Bleiglanz, eines muss man dir lassen: Du hast manchmal eine sehr direkte, prägnante Ausdruckswahl. Ehrlichen Respekt!


----------



## Bleiglanz (18. Mrz 2005)

Um das mal klarzustellen: natürlich kann man eine geschlossene Formel (die niemand als Algorithmus bezeichnen würde) mit einigen Tricks "berechnen" -> siehe Maple und andere zum "symbolischen Manipulieren" fähige Tools



> Einen perfekten Rechner gibt es m.W. noch nicht, denn dann könnte man beispielsweise auch die Kreiszahl Pi beliebig genau berechnen. Die Algorithmen dafür sind ja längst (Gauß, Bailey-Borwein-Plouffe etc.) bekannt.


Nein, "dafür" sind keine Algorithmen bekannt, was du meinst sind NÄHERUNGSFORMELN

Sowas kann in der Realität nicht existieren, weil so ein Algorithmus  "unendlich lange brauchen" würde, ganz zu schweigen von der internen Repräsentation einer reelen Zahl

-> das sind alles Phantastereien, wenn man von Algorithmen oder Computern redet, meint man "diskrete Maschinen"

ein Algorithmus, der sqrt(5) als "exakten Input" erwartet ist einfach nur ein schlechter Witz, sqrt(5) ist etwas, das mit Computern, endlichen Automaten usw. niemals zu "fassen" sein wird


----------



## abollm (18. Mrz 2005)

Bleiglanz hat gesagt.:
			
		

> [..]
> 
> 
> > Einen perfekten Rechner gibt es m.W. noch nicht, denn dann könnte man beispielsweise auch die Kreiszahl Pi beliebig genau berechnen.

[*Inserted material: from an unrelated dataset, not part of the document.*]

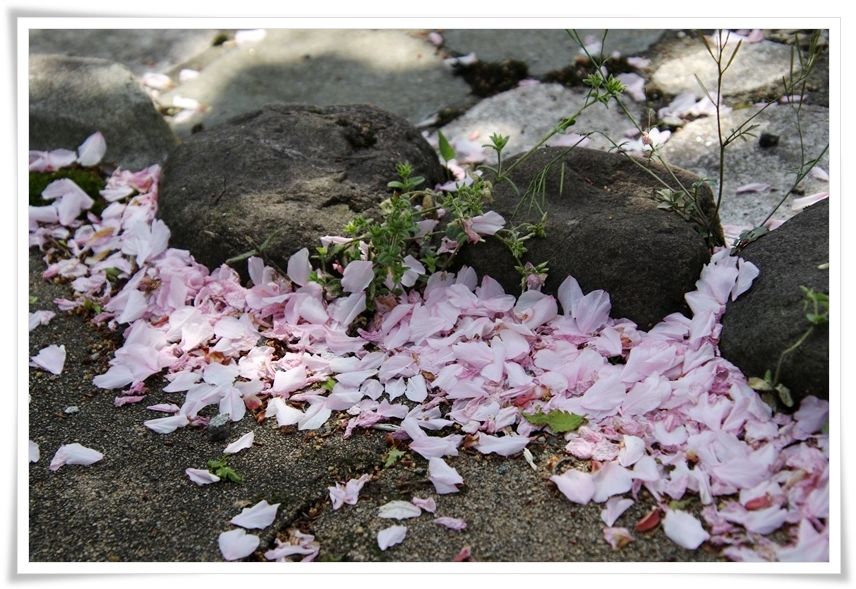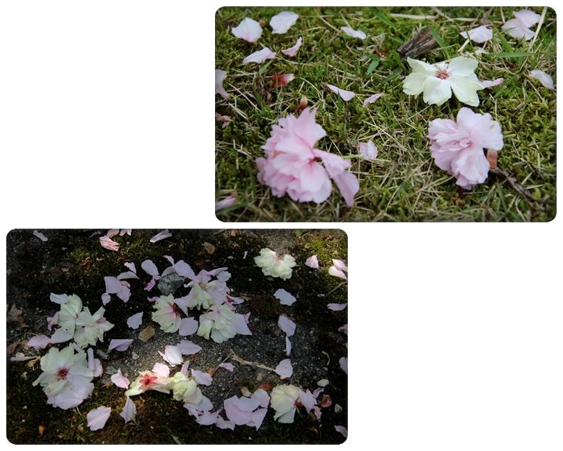 関山 が散るときは花柄ごとの場合も花びらがばらばらになる場合もあるようです

Die Algorithmen dafür sind ja längst (Gauß, Bailey-Borwein-Plouffe etc.) bekannt.
> ...



OK, sprachlich und inhaltlich falsch von mir. Ich habe das auch eher rhetorisch gemeint. Zudem bin ich kein ausgebildeter Mathematiker oder "vollwertiger Informatiker", das sei hinzugefügt. Das mit den Näherungsformeln ist korrekt, zumal die meisten realen Probleme, die im Computer modellhaft abgebildet werden, auf Näherungsformeln basieren. Allerdings hatte ich in meinen Informatikvorlesungen an der Uni den Begriff Algorithmus stets als Rechen- bzw. Handlungsanleitung zur Lösung von realen Problemstellungen vermittelt bekommen.


----------



## kopfsalat (18. Mrz 2005)

Hallo!
Ich muss jetzt auch mal etwas Senf dazugeben ;-) :

a) bzgl. Begriff "beliebige Genauigkeit":


> > Zitat:
> > Einen perfekten Rechner gibt es m.W. noch nicht, denn dann könnte man beispielsweise auch die Kreiszahl Pi beliebig genau berechnen. Die Algorithmen dafür sind ja längst (Gauß, Bailey-Borwein-Plouffe etc.) bekannt.
> 
> 
> ...



Beliebige Genauigkeit heißt doch lediglich endliche Genauigkeit. Also lassen sich auch jetzt schon die Dezimalbruchentwicklungen sämtlicher berechenbaren irrationalen Zahlen beliebig genau berechnen (natürlich im Rahmen des Speicherplatzes und der Anzahl der Atome im Universum), und zudem bestimmen, bis wohin sie zu 100% mit der 'echten' Zahl übereinstimmen (Fehlabweichung). Daher lassen sich selbst unter Rückgriff auf Dezimaldarstellungen für eine Berechnung 100%-ige Aussagen mit beliebiger Genauigkeit treffen (es ist nur teilweise sehr trickreich, das Zusammenwirken der Fehlabweichungen untereinander zu bestimmen, da sich diese gegenseitig immer weiter aufschaukeln).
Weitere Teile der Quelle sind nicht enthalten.